Personal information
- Date of birth: 10 February 1949 (age 77)
- Place of birth: Wrocław, Poland

Senior career*
- Years: Team / Apps / (Gls)
- Śląsk Wrocław
- Odra Wrocław
- Lightning Chicago
- Ajax Chicago

Managerial career
- Lightning Chicago
- Odra Wrocław
- Śląsk Wrocław II
- Piast Iłowa
- 1987–1988: MKS Oława
- 1988–1991: Śląsk Wrocław
- 1991: MKS Oława
- 1992–93: Pogoń Szczecin
- 1994: Zawisza Bydgoszcz
- 1994–1995: Lech Poznań
- 1995–1996: Śląsk Wrocław
- 1996–1997: Pogoń Szczecin
- 1997–1998: Hutnik Kraków
- 1999: Stomil Olsztyn
- 2000: Lechia-Polonia Gdańsk
- 2001: Górnik Polkowice
- 2002: Odra Opole
- 2004: Aluminium Konin
- 2004: Bystrzyca Kąty Wrocławskie
- 2005–2006: Polonia New York
- 2007: Zagłębie Sosnowiec
- 2011–2012: Czarni Żagań
- 2015: Flota Świnoujście
- 2015: Zagłębie Sosnowiec
- 2015: Foto-Higiena Gać
- 2015–2016: Śląsk Wrocław

= Romuald Szukiełowicz =

Polish football manager (born 1943)

Romuald Szukiełowicz (born 3 September 1943) is a Polish former professional football manager and player. From 1994 to 2001, he was a member of the Board of Coaches for the PZPN.

==Career==
Szukiełowicz started his career at Śląsk Wrocław, and progressed from the youth team into the senior team. After his time at Śląsk he joined Odra Wrocław. Between 1979 and 1983, he spent his time in Chicago, USA, playing for Lightning Chicago and Ajax Chicago.

After his playing career, Szukiełowicz moved into management, firstly in the US with Lightning Chicago, before moving back to Poland joining Odra Wrocław firstly, then Śląsk Wrocław, managing their second team. After short spells with Piast Iłowa and MKS Oława, he rejoined Śląsk Wrocław, this time managing the first team. After three seasons with Śląsk in the Ekstraklasa, Szukiełowicz left to join MKS Oława for the second time, and then Pogoń Szczecin in 1992.

Szukiełowicz was only with Pogoń for one season. In 1994, he moved to Zawisza Bydgoszcz, before taking charge of Lech Poznań the same year. He then managed Śląsk Wrocław in 1995–96, Pogoń Szczecin in 1996–97 and Hutnik Kraków in 1997–98. After Hutnik, he had a string of jobs where he did not spend longer than a year with the teams. In 2000 he was manager of Lechia-Polonia Gdańsk, a team which was created as a merger of Lechia Gdańsk and Polonia Gdańsk. Szukiełowicz was the last permanent manager of the team, before it fully disbanded in 2002, with Lechia and Polonia both having to start from the lowest divisions of Polish football after the separation.

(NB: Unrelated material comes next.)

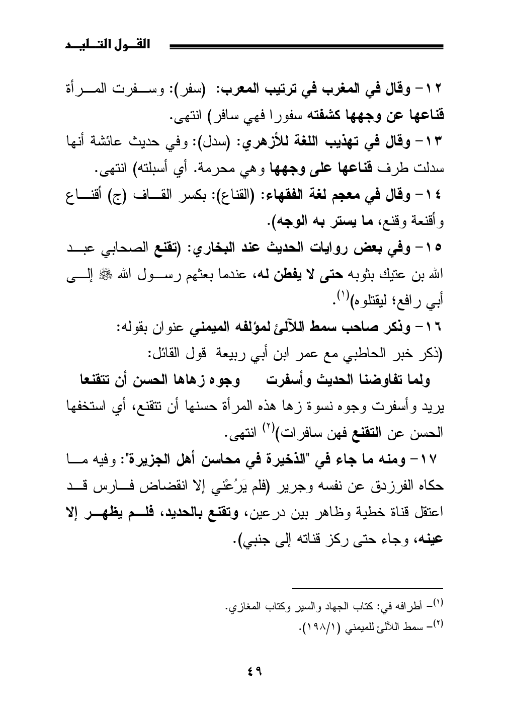 12 - وقال في المغرب في ترتيب المعرب: (سفر): وسفرت المرأة قناعها عن وجهها كشفته سفورا فهي سافر) انتهى.

After short spells with Górnik Polkowice, Odra Opole, Aluminium Konin, and Bystrzyca Kąty Wrocławskie, he moved back to the US to manage Polonia New York from 2005–06, and then Zagłębie Sosnowiec for 2007. After being in the job for only a few months, Szukiełowicz was then without a role in management until 2011, with Czarni Żagań, who he was with until 2012.

After another few years without a managerial job, Szukiełowicz returned in 2015, a year in which he worked with four teams. Firstly with Flota Świnoujście, Zagłębie Sosnowiec, Foto-Higiena Gać, before joining Śląsk Wrocław for the third time, Szukiełowicz's last job as a manager.